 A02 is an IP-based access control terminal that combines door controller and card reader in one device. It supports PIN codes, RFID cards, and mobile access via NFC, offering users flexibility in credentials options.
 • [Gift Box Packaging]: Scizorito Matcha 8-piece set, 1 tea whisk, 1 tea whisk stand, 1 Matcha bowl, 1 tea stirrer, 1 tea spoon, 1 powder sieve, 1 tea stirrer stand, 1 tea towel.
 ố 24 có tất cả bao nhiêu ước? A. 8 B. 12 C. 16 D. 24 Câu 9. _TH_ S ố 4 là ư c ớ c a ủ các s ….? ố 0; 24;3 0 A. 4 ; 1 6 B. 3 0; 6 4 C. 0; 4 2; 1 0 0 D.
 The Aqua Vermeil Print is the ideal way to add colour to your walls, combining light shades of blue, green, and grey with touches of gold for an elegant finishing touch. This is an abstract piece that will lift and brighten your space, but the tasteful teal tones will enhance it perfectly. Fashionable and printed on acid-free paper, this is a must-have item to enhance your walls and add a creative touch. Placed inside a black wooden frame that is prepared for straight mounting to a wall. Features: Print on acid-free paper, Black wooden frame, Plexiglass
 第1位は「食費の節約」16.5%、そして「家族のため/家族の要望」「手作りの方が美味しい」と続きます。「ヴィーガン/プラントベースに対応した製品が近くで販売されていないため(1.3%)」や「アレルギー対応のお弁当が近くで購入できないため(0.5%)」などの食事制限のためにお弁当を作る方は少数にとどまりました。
---
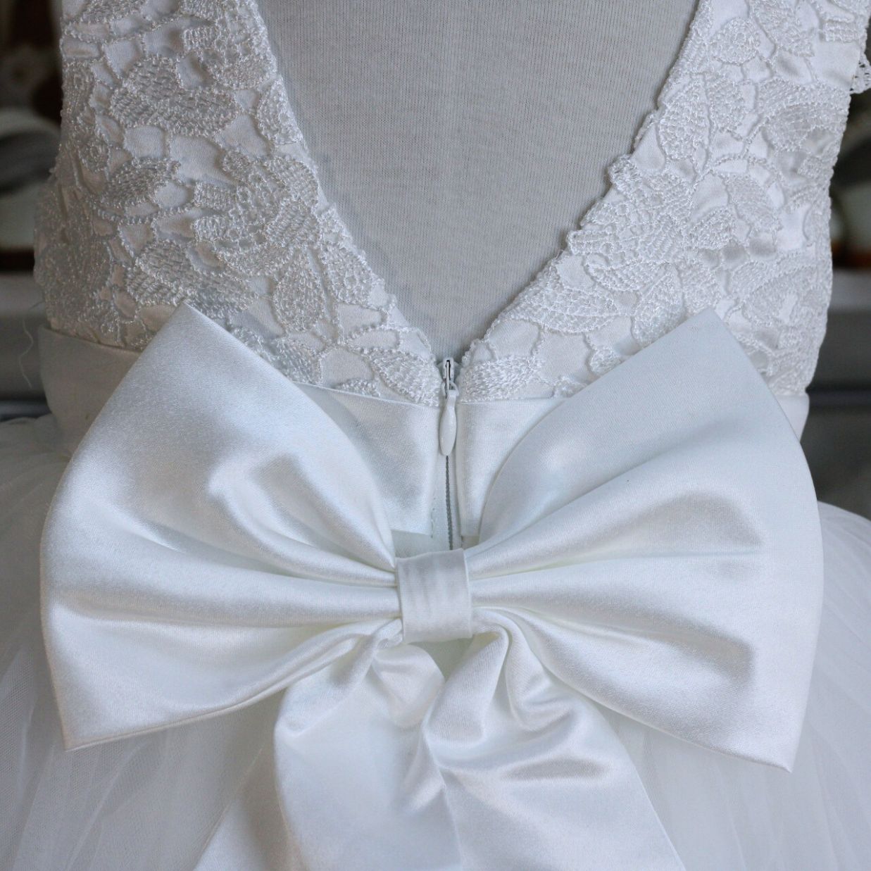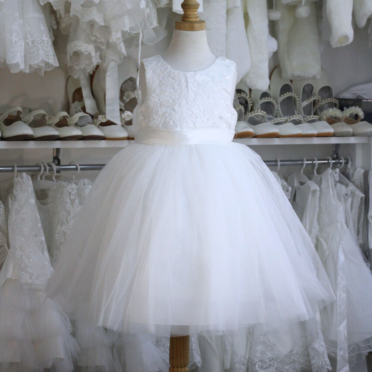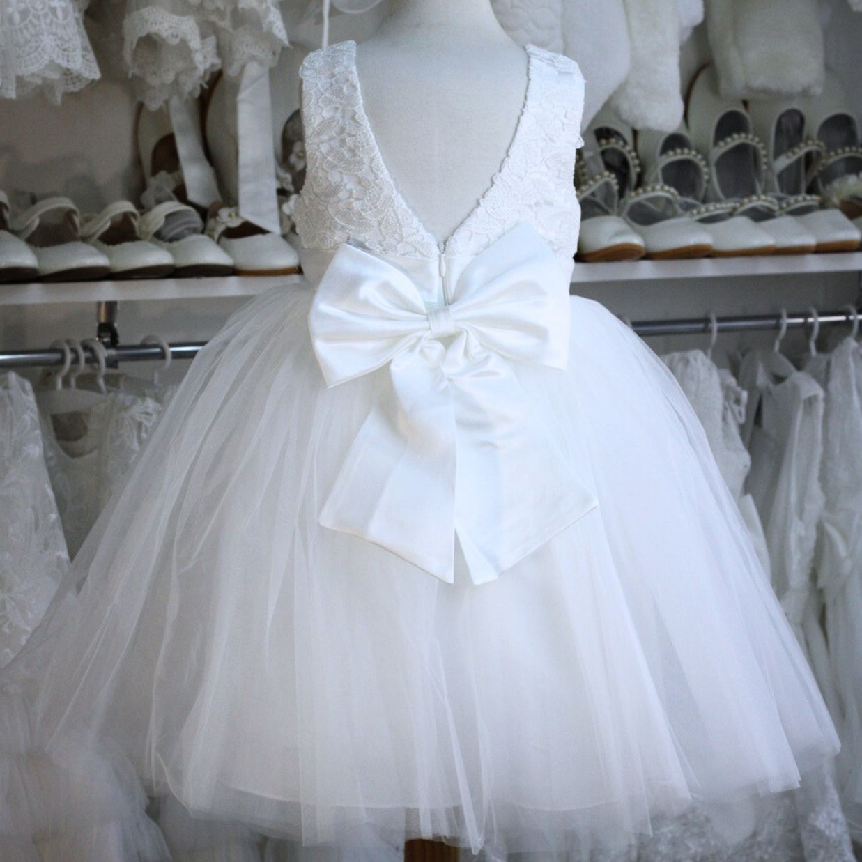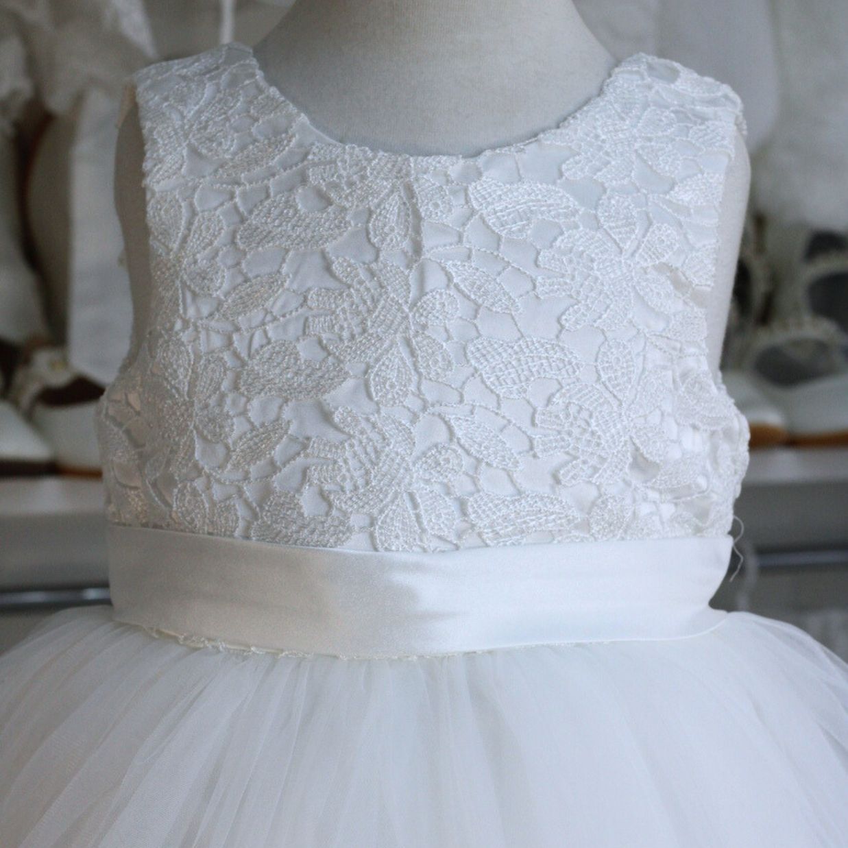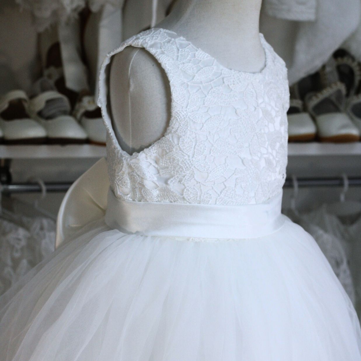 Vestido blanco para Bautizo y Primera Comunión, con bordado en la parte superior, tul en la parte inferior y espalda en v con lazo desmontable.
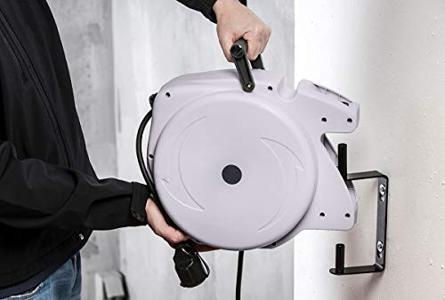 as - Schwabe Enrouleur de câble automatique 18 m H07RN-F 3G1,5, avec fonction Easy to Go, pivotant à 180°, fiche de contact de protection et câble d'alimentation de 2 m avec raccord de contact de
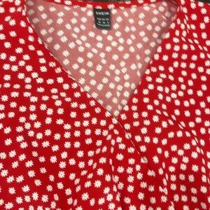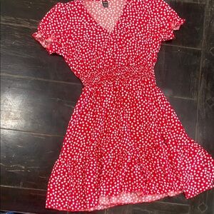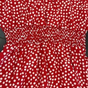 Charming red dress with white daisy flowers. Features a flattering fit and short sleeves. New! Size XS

# WORK REQUIRED
Set down again, exactly, every line above from the one with "as - Schwabe" down to the one with "Charming red dress", both ends included. No pictures, and nothing else.

# ANSWER FOR THE TASK
 as - Schwabe Enrouleur de câble automatique 18 m H07RN-F 3G1,5, avec fonction Easy to Go, pivotant à 180°, fiche de contact de protection et câble d'alimentation de 2 m avec raccord de contact de
 Charming red dress with white daisy flowers. Features a flattering fit and short sleeves. New! Size XS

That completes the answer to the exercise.